▶ **Data shown**
[Start of section]
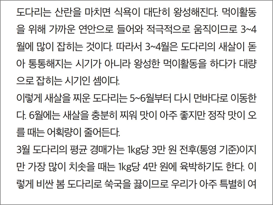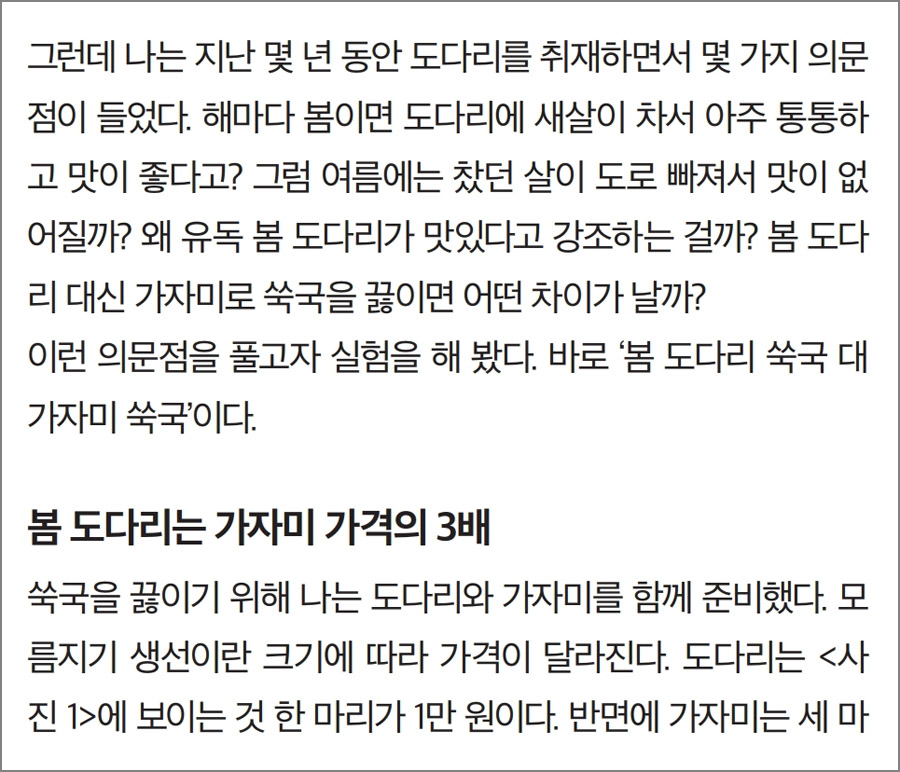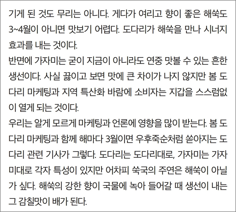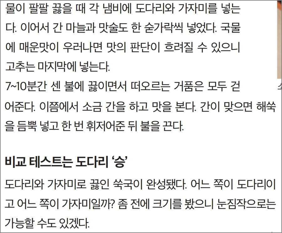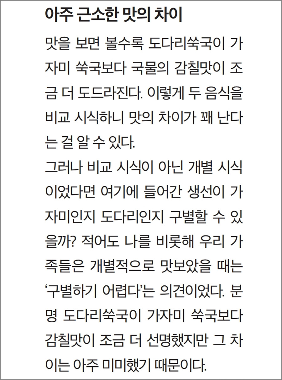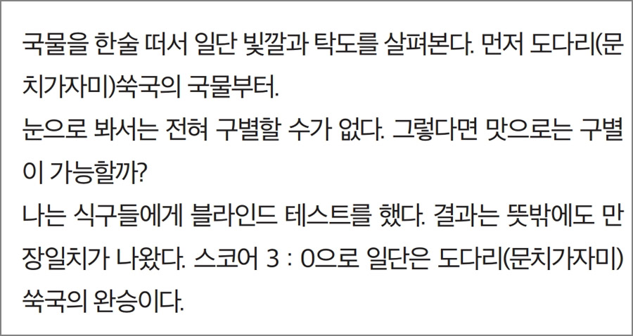 1) 시즌 특집 비교체험 : 봄 도다리 VS 가자미 쑥국 끓일 때 맛의 차이는?
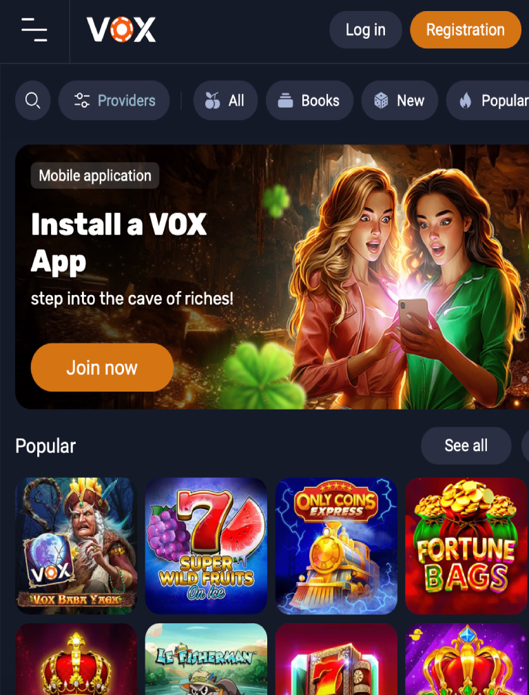 Vox Casino works with more than 60 studios including Pragmatic Play, BGaming, Spinomenal, NetEnt, Endorphina and many others. This variety brings both premium live streams and fresh slot releases. Games load fast and maintain quality on different devices. The lobby displays provider logos for easy browsing.
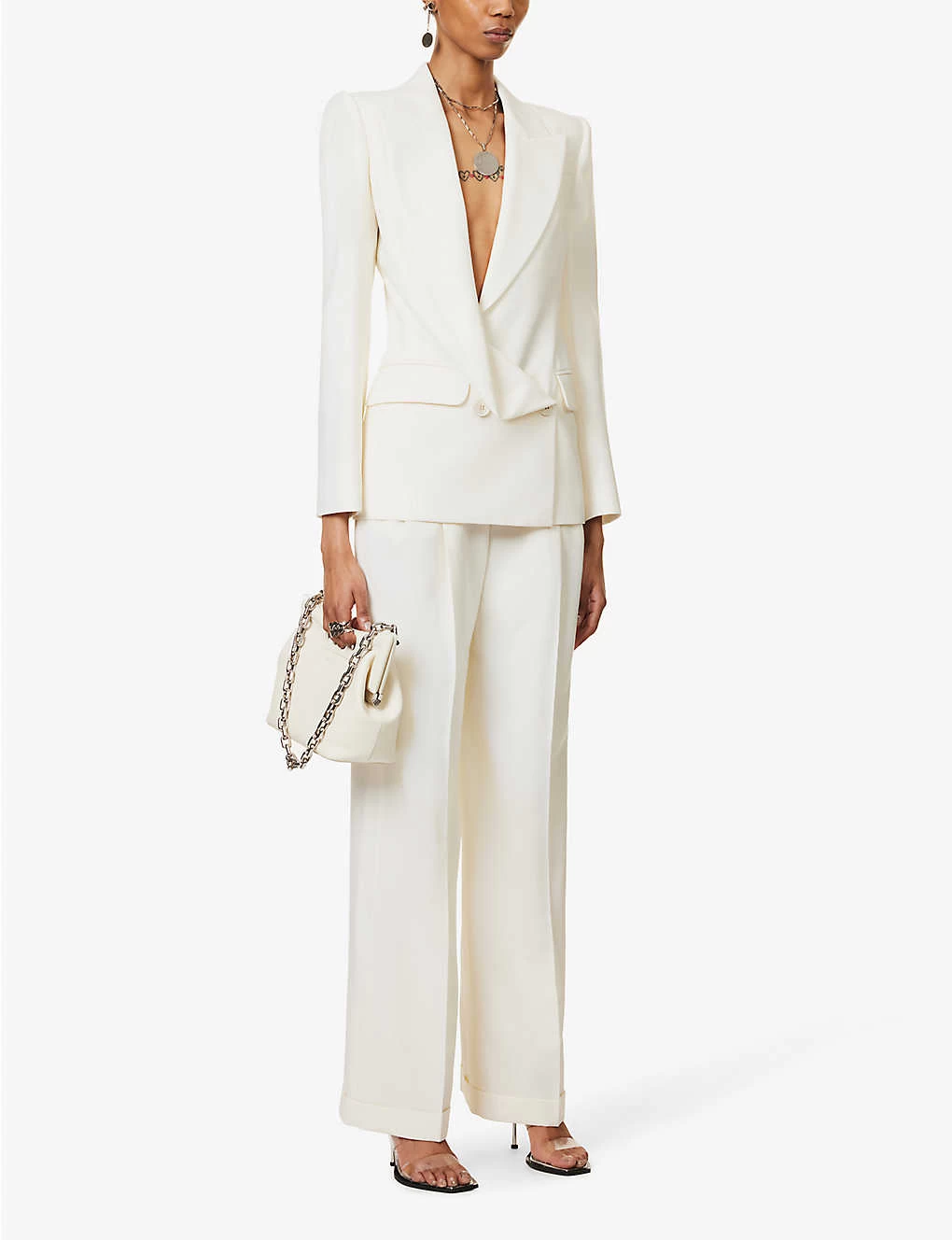 Be the first to review “Alexander McQueen Pleated Folded-hem Wide-leg Mid-rise Wool Trousers” Cancel reply
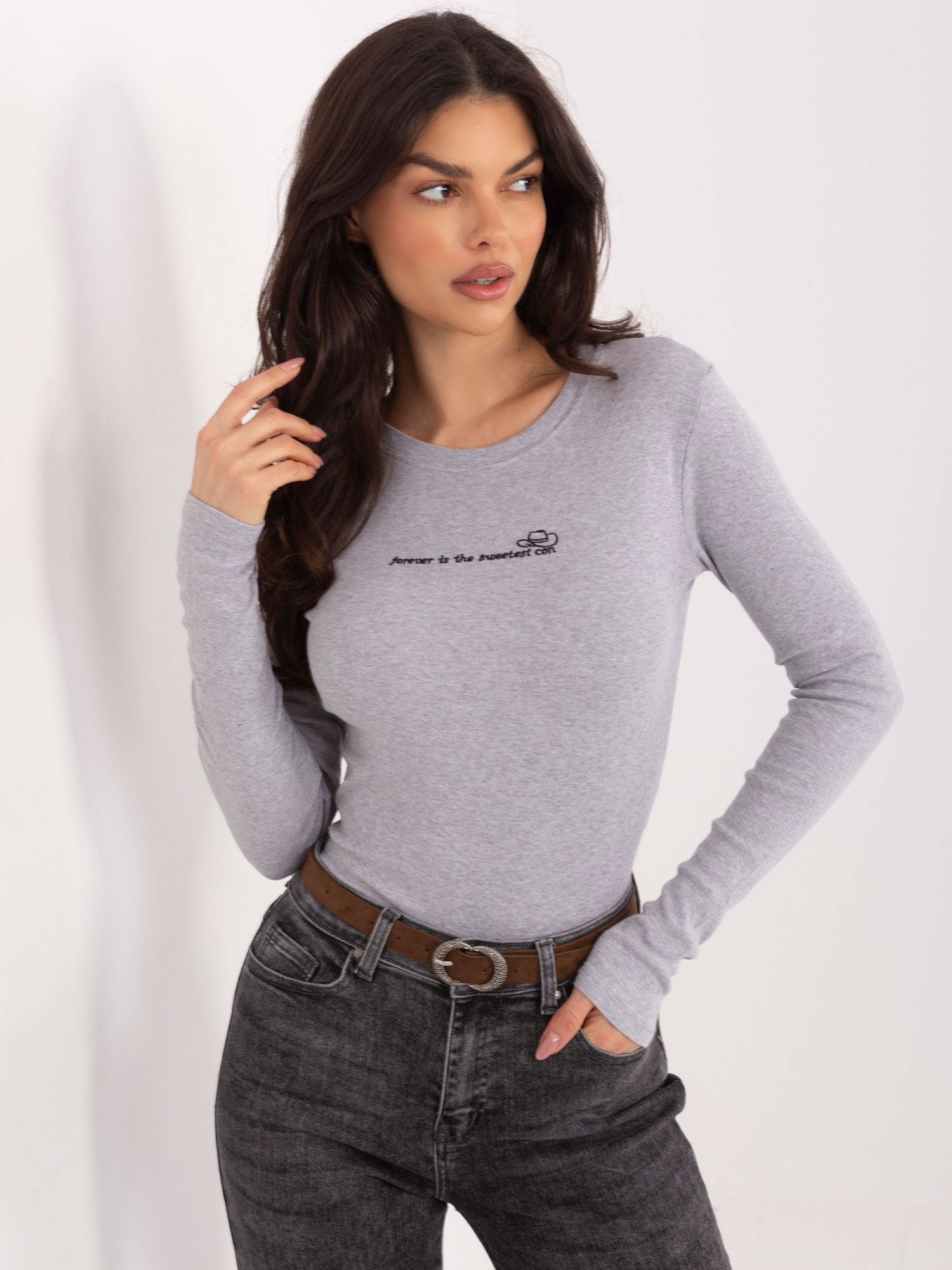 Jasnoszara bluzka z haftowanym napisem
[End of section]
▶ **What is expected**
Would you restate, word for word and with no pictures, only the lines from the opening of the material through the line with "Vox Casino works", both included?

▶ **Exercise response**
 1) 시즌 특집 비교체험 : 봄 도다리 VS 가자미 쑥국 끓일 때 맛의 차이는?
 Vox Casino works with more than 60 studios including Pragmatic Play, BGaming, Spinomenal, NetEnt, Endorphina and many others. This variety brings both premium live streams and fresh slot releases. Games load fast and maintain quality on different devices. The lobby displays provider logos for easy browsing.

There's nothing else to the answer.